--- Problem description ---
The answer must consist solely of the lines from the line with "10:放上一根烤过或煎过的火腿肠,表面挤上沙拉酱,热狗面包就做好了。" to the final line of the data below, reproduced exactly, pictures omitted.

··········

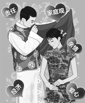 “結(jié)婚生子、白頭偕老的婚姻觀依然占主導(dǎo)地位!毙彀茬髡f(shuō),65.6%的人贊同“不管怎么說(shuō),人總是要結(jié)婚的”,反對(duì)的為15.2%;72%的受訪者贊成“婚姻是神圣的,結(jié)了婚就要白頭到老”,不贊同的僅為6.7%。此外,84.4%的人反對(duì)“結(jié)婚后不要孩子”,對(duì)“丁克”家庭持肯定態(tài)度的僅占1.6%。
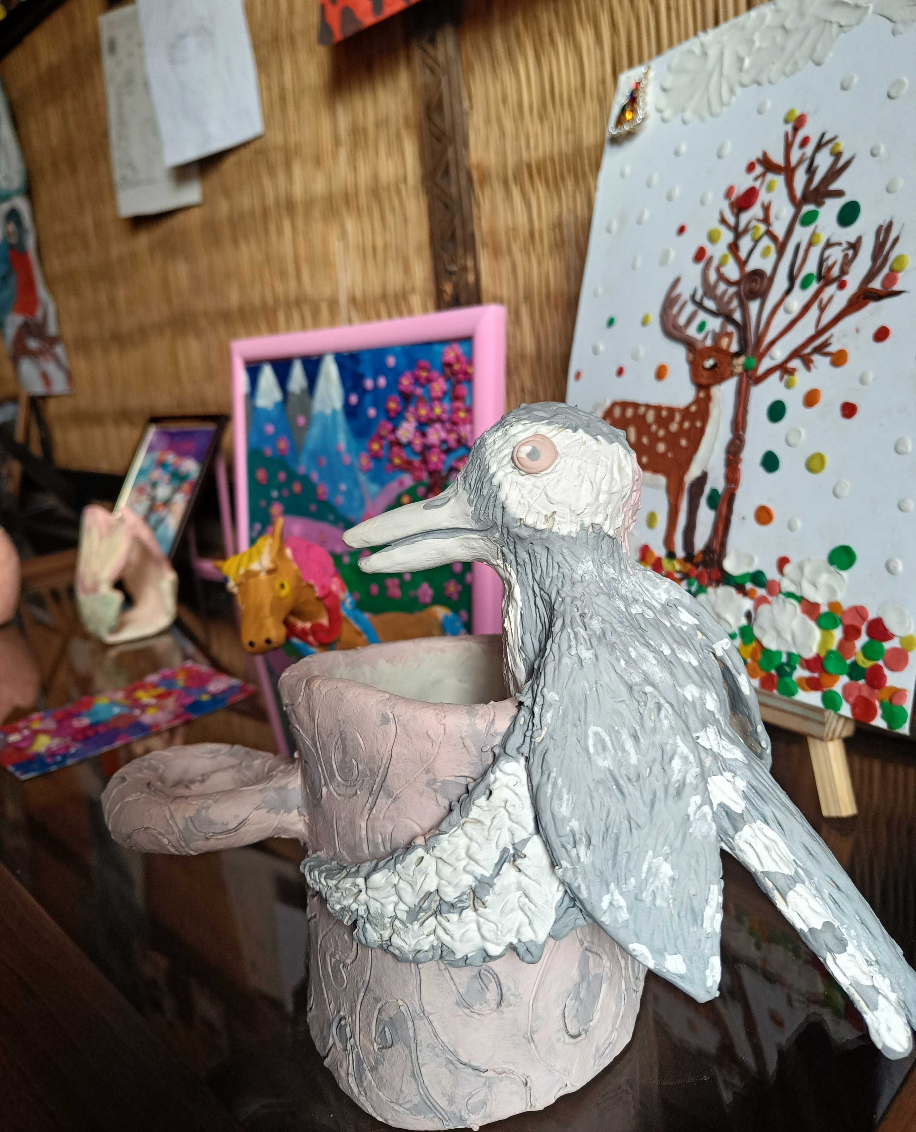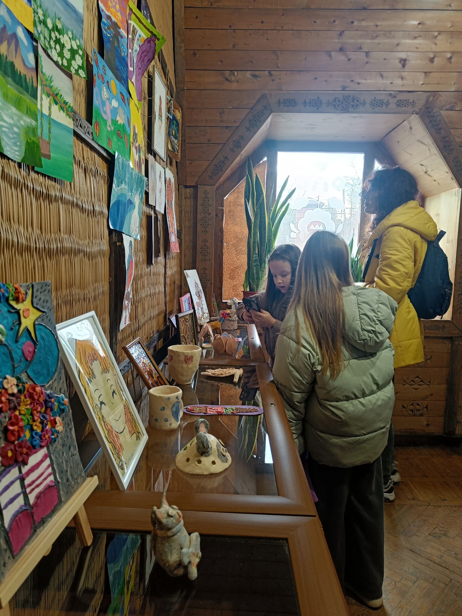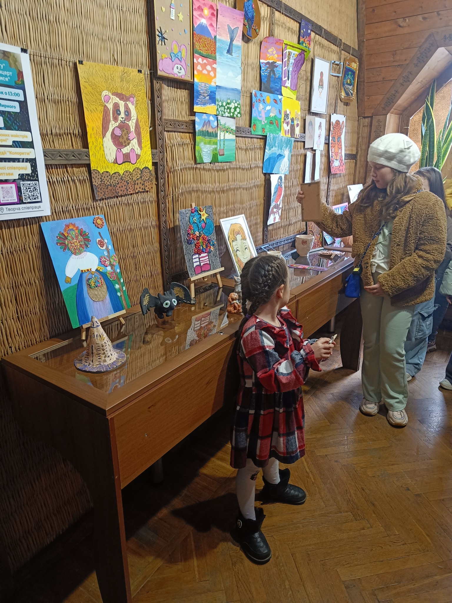 Виставка робіт вихованців «Творчої майстерні», учнів Полтавської спеціальної школи у ПОЦЕВУМ та дітей студії «Розумне совеня» представила дитячі малюнки, створені у різних техніках і вироби з різних пластичних матеріалів. Роботи дітей демонструють вміння і креативне бачення юних майстрів віком від 4 до 13 років.
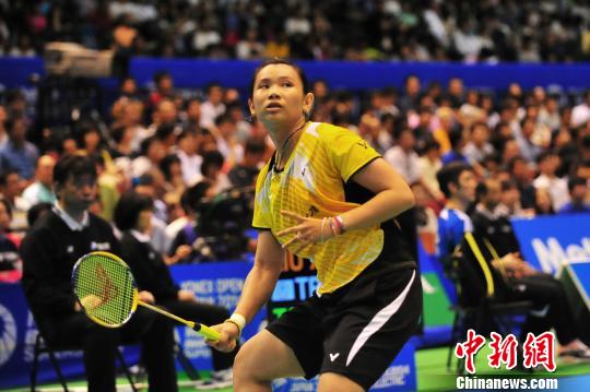 在14日进行的2014日本羽毛球公开赛女子单打半决赛中,两岸高手李雪芮、戴资颖双双战胜各自对手,进入决赛,将在15日的决赛中上演一场“海峡德比”。图为中华台北队戴资颖在半决赛中2比1战胜中国队选手刘鑫。王健 摄
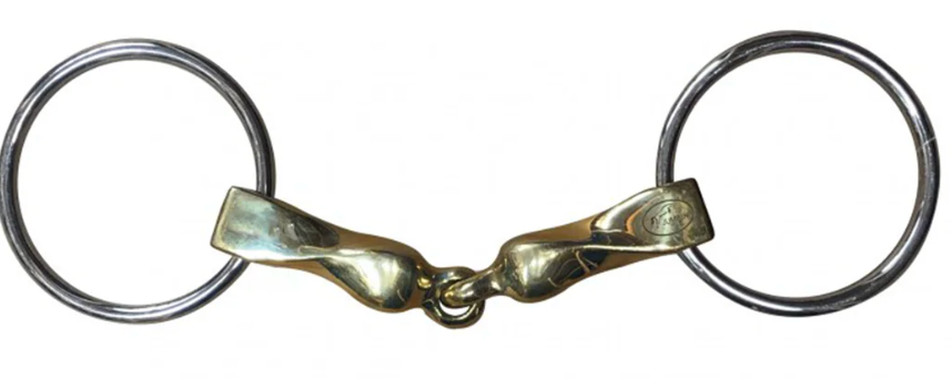 The thick twisted mouthpiece gives enough bite for strong horses without being as harsh as a traditional thinner slow twist. The loose ring gives a lot of play in the horse's mouth and is a great schooling bit.
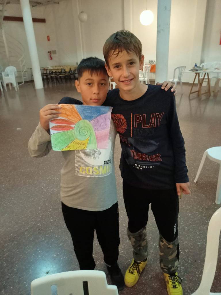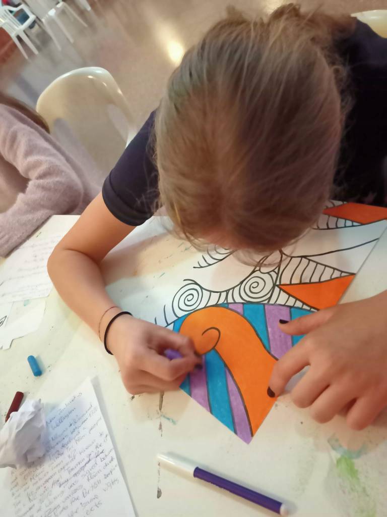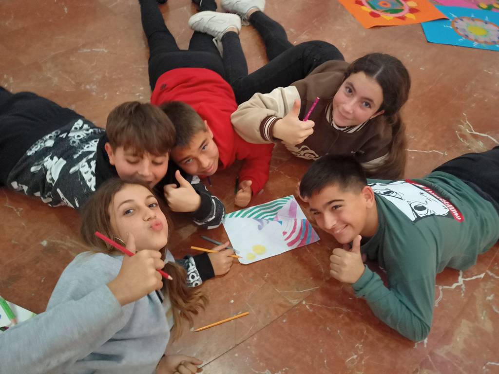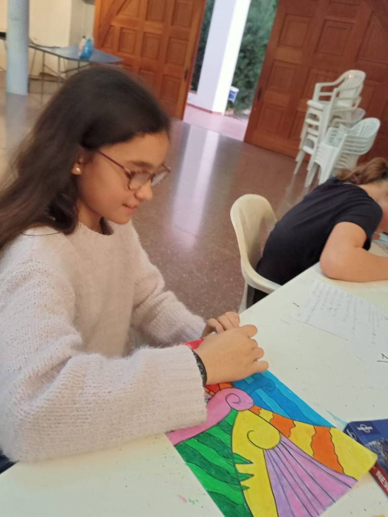 Luego, al final de la mañana, nos toca terminar los Rangoli. Se han quedado muy bien y nos los vamos a llevar al instituto.
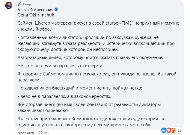 Что касается самой статье в Timе, то Арестович охарактеризовал ее так: "Саймон Шустер мастерски рисует в своей статье для Timе неприятный и смутно знакомый образ: оставленный всеми диктатор, бродящий по закоулкам бункера, не желающий взглянуть в глаза реальности и истерически восклицающий про скорую победу, достичь которой он неспособен. Авторитарный лидер, которому боится сказать правду его окружение. Нет, это не прямая параллель с Гитлером. Я говорил с Саймоном лично несколько раз, он никогда не провел бы такой параллели".
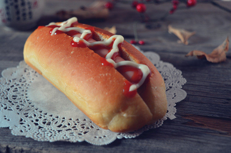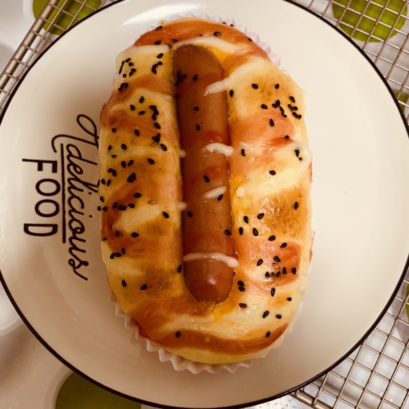 10:放上一根烤过或煎过的火腿肠,表面挤上沙拉酱,热狗面包就做好了。
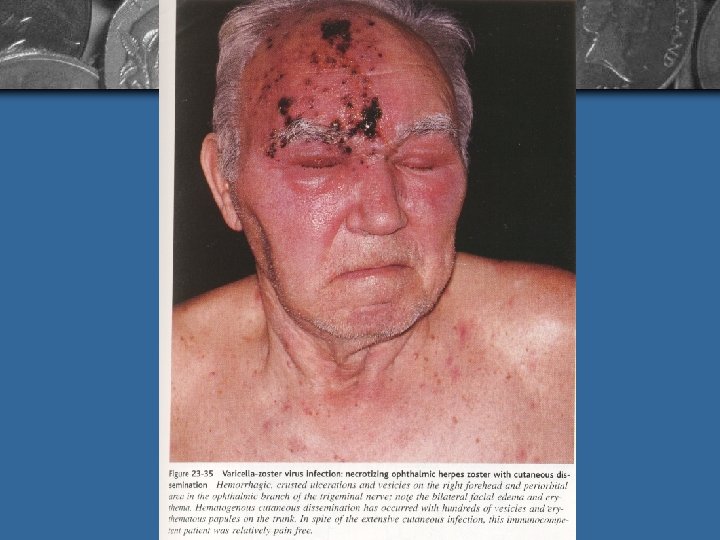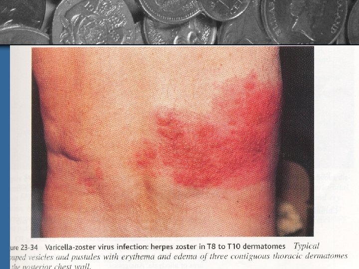HERPES ZOSTER Penyakit yang disebabkan oleh infeksi virus varisela-zoster yang menyerang kulit dan mukosa Epidemiologi reaktivasi vius yang terjadi setelah infeksi primer kadang-kadang varisela berlangsung subklinis aerogen Patofisiologi Ganglion posterior saraf tepi & kranialis Lokasi : setingkat daerah persarafan ganglion tersebut Kadang-kadang : gangguan motorik

··········

--- Output ---
 10:放上一根烤过或煎过的火腿肠,表面挤上沙拉酱,热狗面包就做好了。
HERPES ZOSTER Penyakit yang disebabkan oleh infeksi virus varisela-zoster yang menyerang kulit dan mukosa Epidemiologi reaktivasi vius yang terjadi setelah infeksi primer kadang-kadang varisela berlangsung subklinis aerogen Patofisiologi Ganglion posterior saraf tepi & kranialis Lokasi : setingkat daerah persarafan ganglion tersebut Kadang-kadang : gangguan motorik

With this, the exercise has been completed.